My latest boardgame review for Paste covers the very strong Warhammer Quest card game, which I liked even though I don’t play any Warhammer anything and don’t do much with RPGs. My usual Klawchat schedule resumed this week now that I’m not bedridden with plague.
The top 100 prospects ranking and the organizational rankings are still scheduled to post the week of February 8th. We may push back the org top tens and reports to the following week because I lost so much time to illness this month.
And now, the links…
- Luke Bonner, former pro basketball player (and brother of Spurs power forward Matt Bonner), pens a vicious op ed for VICE Sports on how raw a deal NCAA athletes are getting.
- Uganda receives billions of dollars in foreign aid, yet has one of the most corrupt “democracies” in the world, with President Yoweri Museveni – who used public money to buy himself a $50 million Gulfstream jet a few years ago – running for certain re-election to extend his already 30-year term in office.
- This isn’t getting much play that I’ve seen, but the Texas investigation into those “fetal harvesting” claims against Planned Parenthood had an unexpected outcome: the grand jury indicted the two people who made the videos, but not PP. There was a tremendous amount of time and money wasted on these investigations across the country, none of which found anything except political gold, and these two “activists” should be asked to pay those costs.
- Peyton Manning is playing in the big game! Remember when he sexually assaulted a trainer in 1996? No? Wow, I’m surprised that just slipped everyone’s minds.
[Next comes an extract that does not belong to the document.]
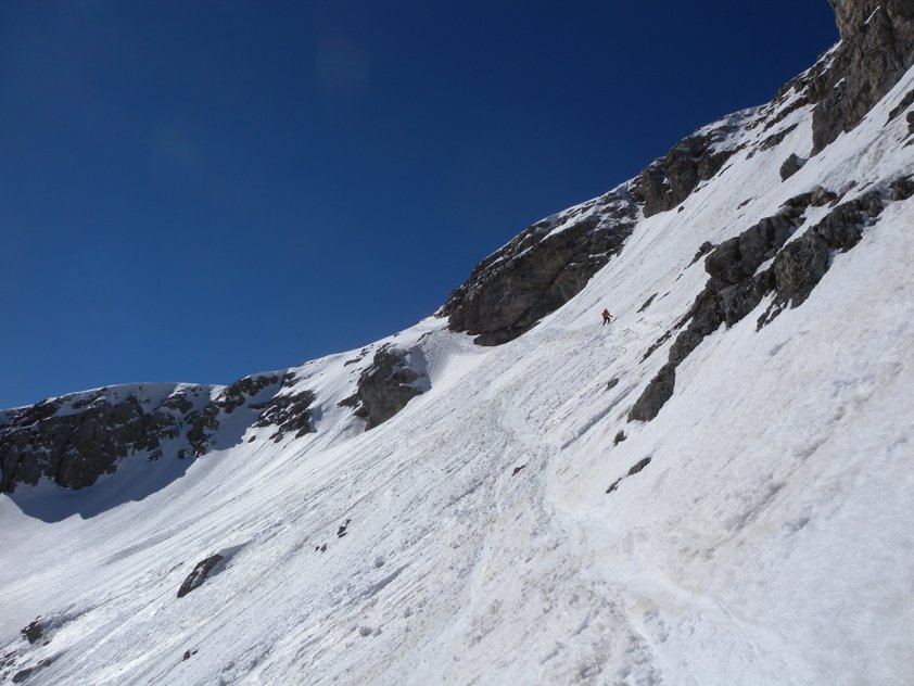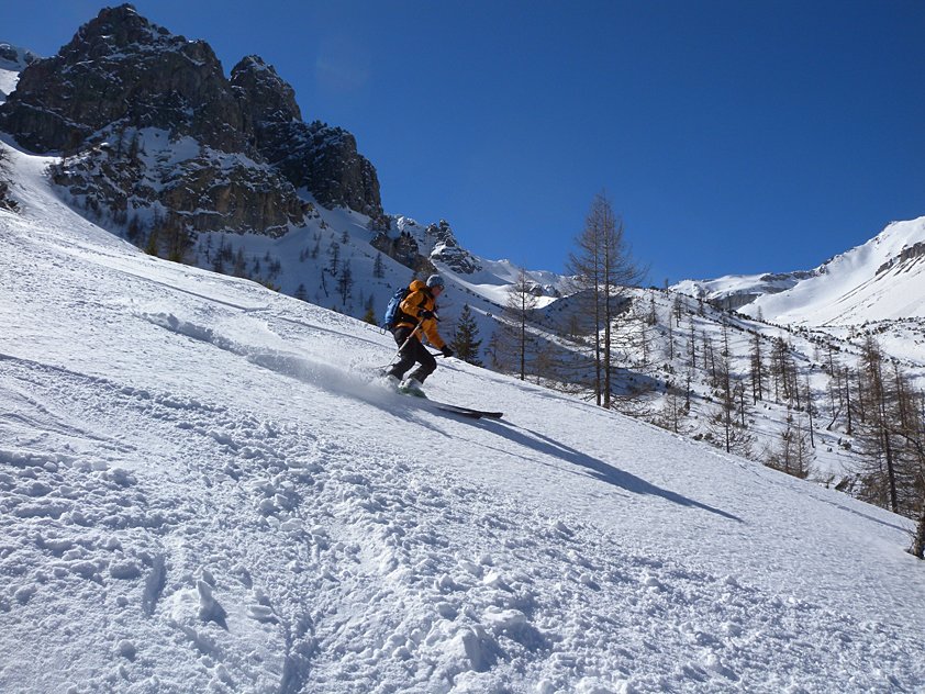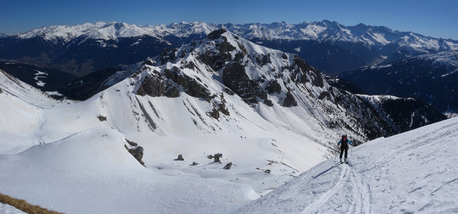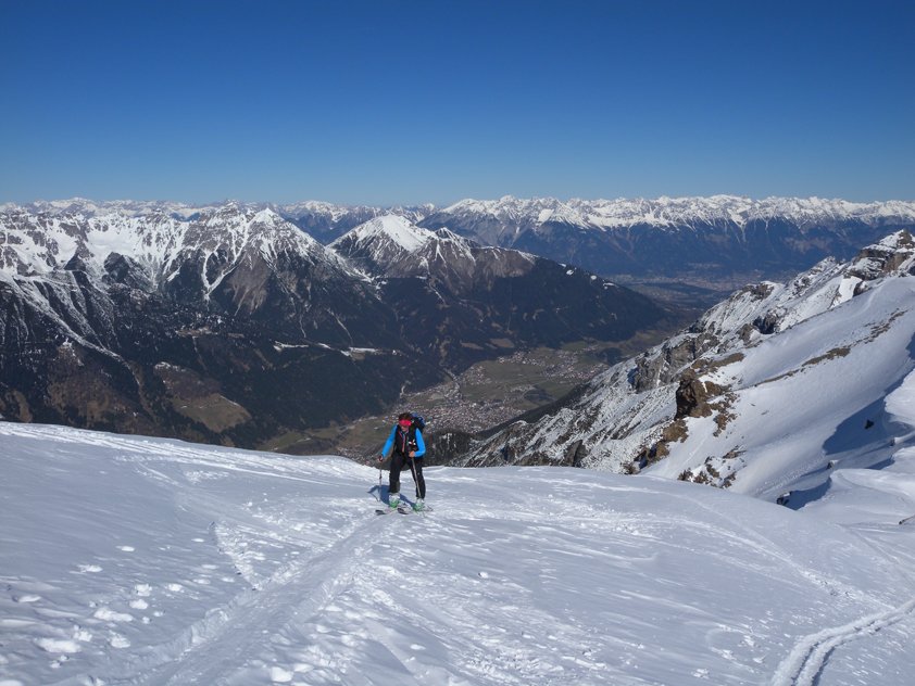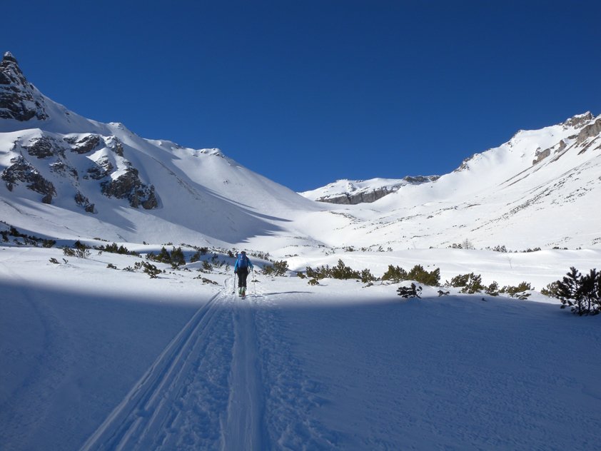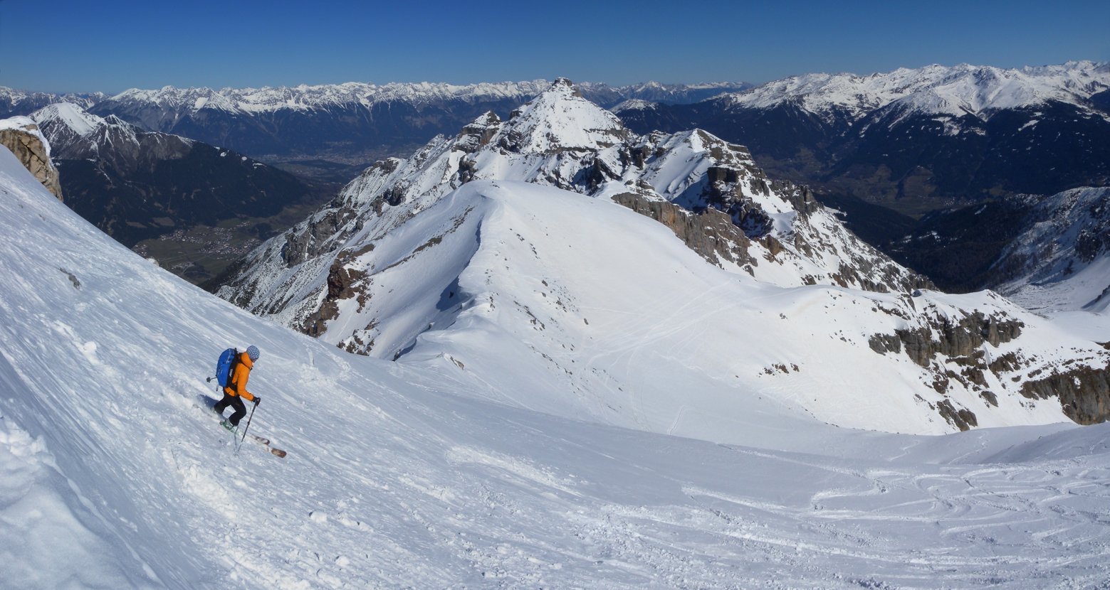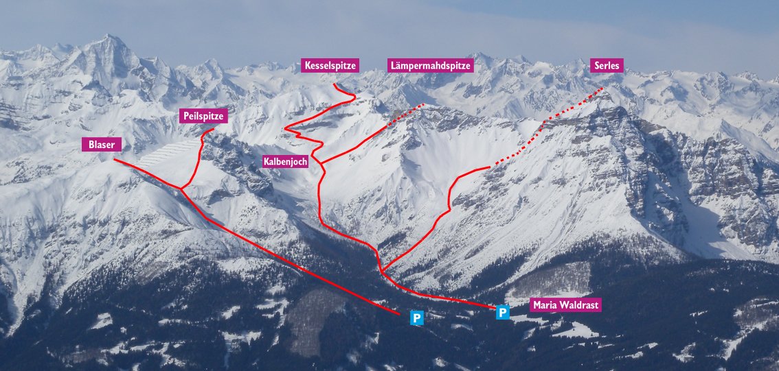 Die Tour ist steil und ausgesetzt und sollte nur bei sehr sicheren Schneeverhältnissen gemacht werden. Im Frühjahr ist zeitiger Aufbruch nötig, da die Hänge ab dem Kalbenjoch schon Morgens in der Sonne sind!

Maybe I should turn it into a jingle. “Pey-ton Man-ning is a creep.”
- The Supreme Court ruled this week that the federal government can regulate demand response in electricity/energy markets, or “negawatts,” just as it regulates production. This is potentially a huge deal for consumers (in the form of lower wholesale prices) and for our energy usage and thus production of climate-changing emissions, reducing loads on power-production facilities during peak periods. I still don’t understand why there’s a single rooftop in Arizona that isn’t covered with a solar panel, other than the laws that so actively discourage this.
- Ted Cruz was thrilled to announce an endorsement from Tony Perkins this week. That’s cool, except that Perkins is a longtime gay-basher with ties to white supremacy groups.
- The Guardian looks back at the influence of the 1996 cult hit film Big Night, which it says helped spark an American food revolution. I found the film so frustrating to watch – it was well-made and well-acted, but how could you not want to throttle the chef who’s cooking the restaurant into bankruptcy?
- Craig Calcaterra talks some sense on ballpark security. Here’s the truth: MLB probably can’t do anything to stop a terrorist attack at one of its stadiums. But they can pretend to do stuff, like confiscating your bottles of water when it’s 105 degrees at field level so they can sell you $6 bottles of tap water taken off a Native American reservation in drought-stricken California.
- She died for saying no: Janese Talton-Jackson was shot and killed by a man whose advances she’d rejected. That appears to be all there is to it: He approached her at a bar, harassed her, and then shot her when she continued to say no, according to police documents.
- I wish this piece had been a bit longer, but it’s still a great topic: tourists who deliberately seek out forbidden or repressive destinations, and the way such tourism might actually help change policies.
- A six-year-old the Chianti region of Italy suffering from an immunodeficiency disorder can’t go to school because eight out of her eighteen would-be classmates are unvaccinated. These are my people, and still, I say, what the fuck is wrong with them? (Article in Italian.)